### DESCRIPTION OF THE TASK
Aim for an exact copy of the listing, without any images.

### INFORMATION SHOWN

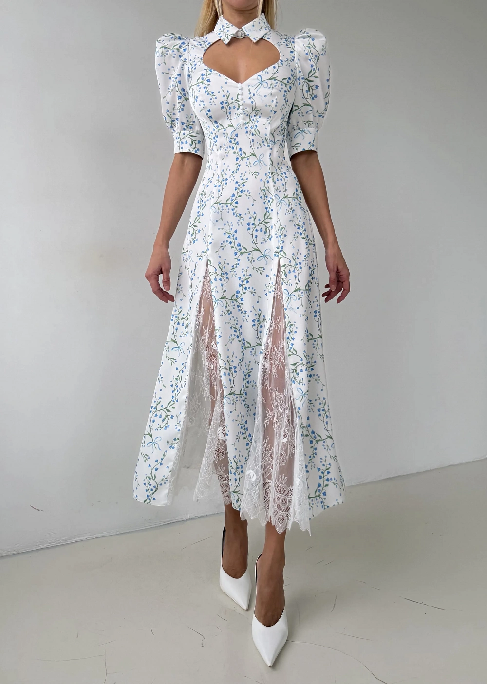 Платье миди с архитектурным лифом формирует утончённый силуэт и подчёркивает линию талии. Акцентный воротник-стойка с вырезом heart cut добавляет образу современную графичность и делает модель узнаваемой. Мягкая линия юбки раскрывается в движении, открывая кружевные вставки в разрезах - деликатный контраст плотной ткани и прозрачной фактуры. Эксклюзивный цветочный принт усиливает ощущение лёгкости и делает модель универсальной для дневных и вечерних образов. Идеальный баланс женственности и структурности в эстетике современного luxury.
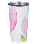 Watercolor citrus leaves in yellow and pink pastels float across the white background of the stainless steel mug. The sentiment is gilded in rose gold across the leaves.
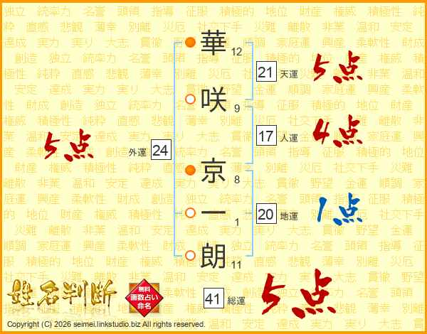 華(12画)咲(9画) 京(8画)一(1画)朗(11画)

### TASK SOLUTION
 Платье миди с архитектурным лифом формирует утончённый силуэт и подчёркивает линию талии. Акцентный воротник-стойка с вырезом heart cut добавляет образу современную графичность и делает модель узнаваемой. Мягкая линия юбки раскрывается в движении, открывая кружевные вставки в разрезах - деликатный контраст плотной ткани и прозрачной фактуры. Эксклюзивный цветочный принт усиливает ощущение лёгкости и делает модель универсальной для дневных и вечерних образов. Идеальный баланс женственности и структурности в эстетике современного luxury.
 Watercolor citrus leaves in yellow and pink pastels float across the white background of the stainless steel mug. The sentiment is gilded in rose gold across the leaves.
 華(12画)咲(9画) 京(8画)一(1画)朗(11画)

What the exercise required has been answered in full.